Ally Financial seized an opportunity in its auto-lending business during the first quarter, but it also contended with the challenge of running an online-only bank at a time when some depositors are chasing higher yields.

The Detroit company on Thursday reported net income attributable to common shareholders of $250 million, up 14% from the first quarter of 2017.

Ally attributed the gains in part to a record $4.8 billion of originations on used-car loans during the quarter, up 14% from the same three-month period last year.

But profits were also dragged down somewhat by rising deposit costs.
Though retail deposits climbed 17% from the same period last year to $81.7 billion, the average rate it paid on those deposits increased 36 basis points to 1.45%.

Mark Palmer, an analyst at BTIG Partners, said in a research note that online-only banks may seem less compelling to consumers in a rising-rate environment. But he added that in order to maintain an edge as U.S. interest rates rise, Ally’s management team has been expecting to pay higher rates on deposits.

Ally’s shares were trading at $27.17 late Thursday, down 2.7% from Wednesday’s close.

There was brighter news for investors in Ally’s flagship auto-lending business.

Total originations increased 6.7% year over year, to $9.5 billion, and used-vehicle lending accounted for substantially all of the growth.

Once the auto-financing arm of General Motors, the $170 billion-asset Ally said it can no longer rely as heavily on loans to purchasers of new GM vehicles to drive profits.

“We’ve deliberately focused on growing our used originations,” Ally CEO Jeffrey Brown said Thursday during a conference call with analysts. “We like the characteristics of the paper. It tends to be more predictable performance, better yielding. It’s sourced from a diversified base of dealers, and the market is much larger in size than new.”

Four years ago, used-vehicle lending made up only 30% of the company’s retail auto originations. By the first quarter of this year, that number had risen to an all-time high of 50%.

Ally is leaning harder on used-vehicle loans at a time when Wells Fargo, long the nation’s largest used-car lender, has been shrinking its auto-lending business.

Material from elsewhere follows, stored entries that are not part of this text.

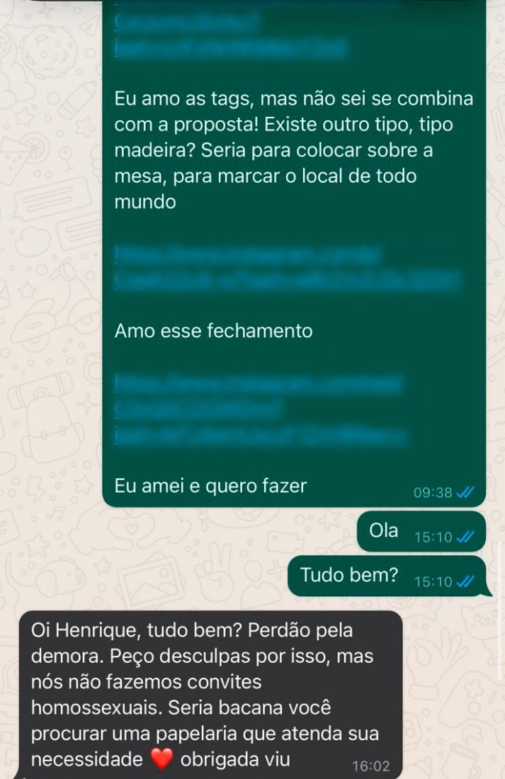 Henrique Nascimento entrou em contato com o ateliê via WhatsApp para orçar diferentes modelos de convite para o seu casamento com Wagner Soares. Segundo a vítima, o atendimento ocorreu normalmente até ele citar o nome do noivo, momento em que deixou de ser respondido. Horas mais tarde, a atendente retornou a mensagem, informando que não poderiam confeccionar “convites homossexuais”.
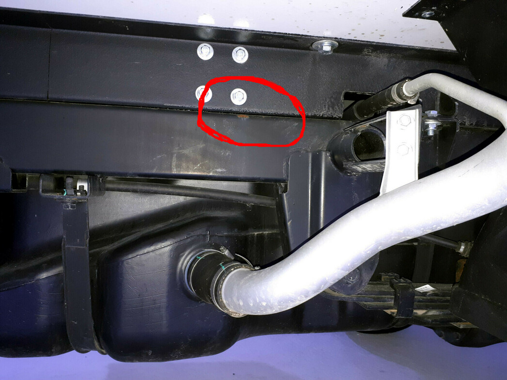 Продолжая осмотр, заглянул вниз и заметил небольшую ржавчину на раме. Похоже, что при установке надстройки повредили окрас. Это уже не очень хорошо. Так что сразу после покупки грузовичка, стальной «хребет» надо обработать антикором. А еще следить за состоянием множества патрубков, которые разместили в самых «грязных» местах.
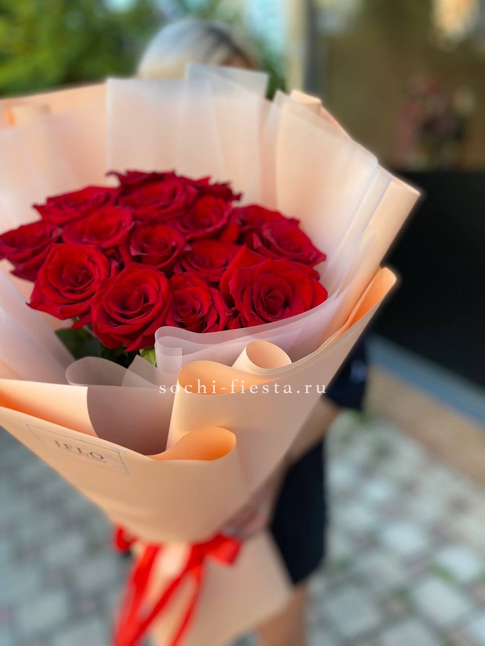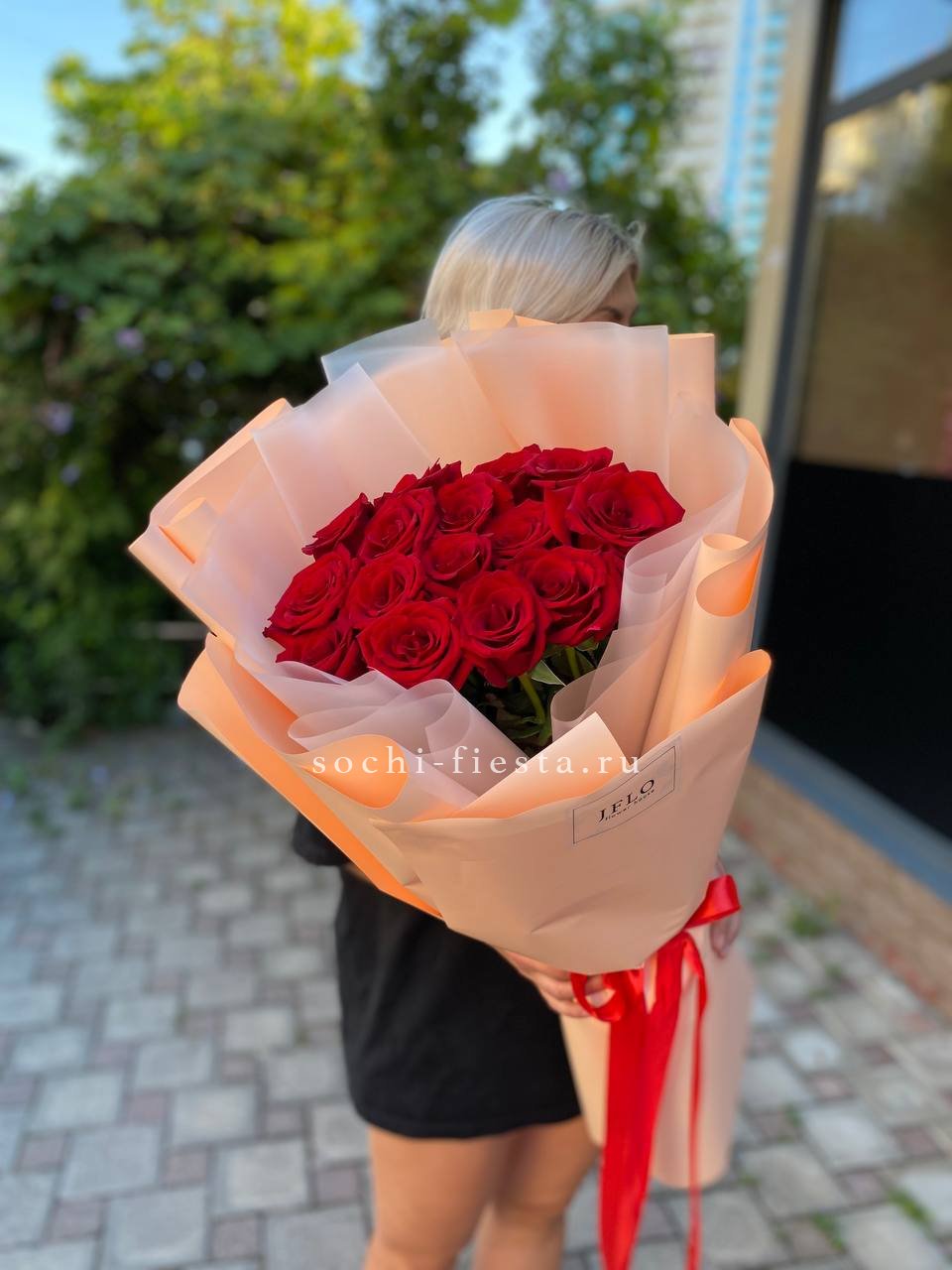 15 высоких красных роз
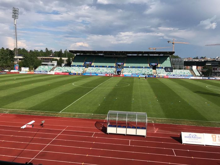 Stabæk-spillerne er fremdeles har nå kommet ut på gresset, men en drøy halvtime før kampen sparkes i gang har Mjøndalen ennå ikke kommet ut i sommervarmen.
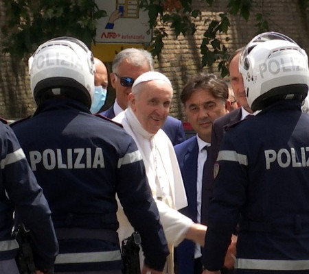 Imagens mostram o carro que transporatava o papa parando antes de entrar no Vaticano. Francisco então desce, cumprimenta policiais e depois volta para o veículo, que segue seu caminho.
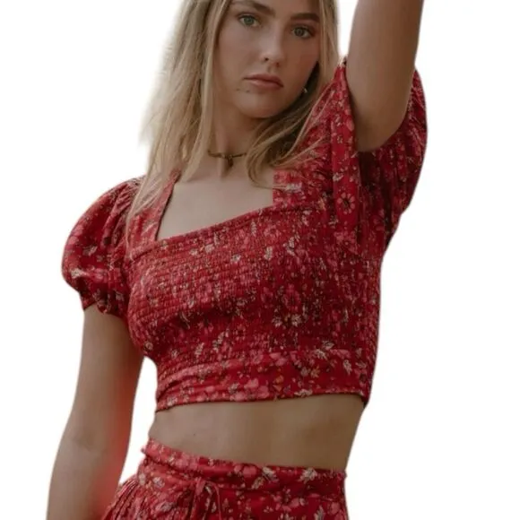 NWT Band Of The Free Joelle Crimson Floral Smocked Crop Top Women’s Size Large Red - $28 New With Tags - From Amanda
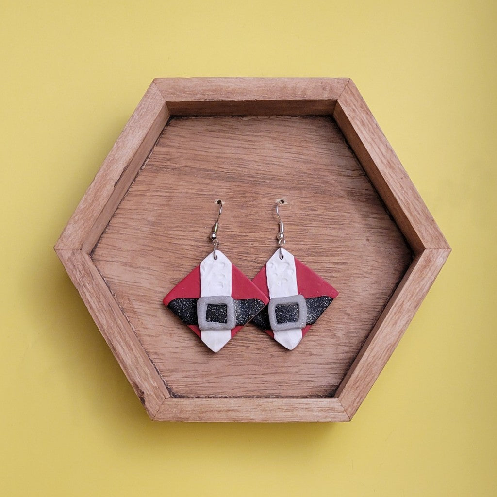 Santa Dangles These measure 2.5" from lobe to bottom of dangle. Hardware is stainless steel. Hypoallergenic and Nickel Free.
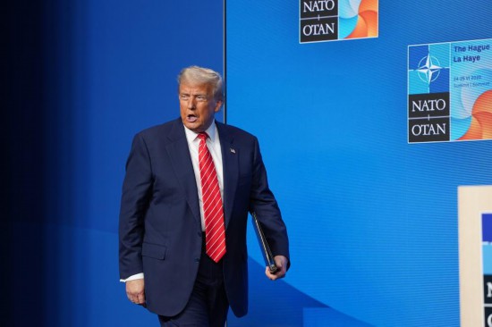 6月25日,在荷兰海牙,美国总统特朗普在北约峰会期间出席新闻发布会后退场。新华社记者赵丁喆摄

This push into used-car lending is partially a response to reduced competition, Chief Financial Officer Jennifer LaClair said during the conference call. “I think it is a place where we feel the competition is fair,” she said.

Consumers who take out loans on used cars tend to default more frequently than those who finance purchases of new cars, LaClair acknowledged. But she added that the size of the loss absorbed by lender when used-car loans go bad tends to be smaller than on new-car loans.

“I think it’s just an easier asset class to predict collateral values,” she said.

For the first quarter, Ally reported a retail auto net charge-off rate of 1.47%, down from 1.54% in the same period a year earlier. The percentage of retail auto contracts that were at least 30 days past due rose to 2.61%, up from 2.36% in the first quarter of 2017.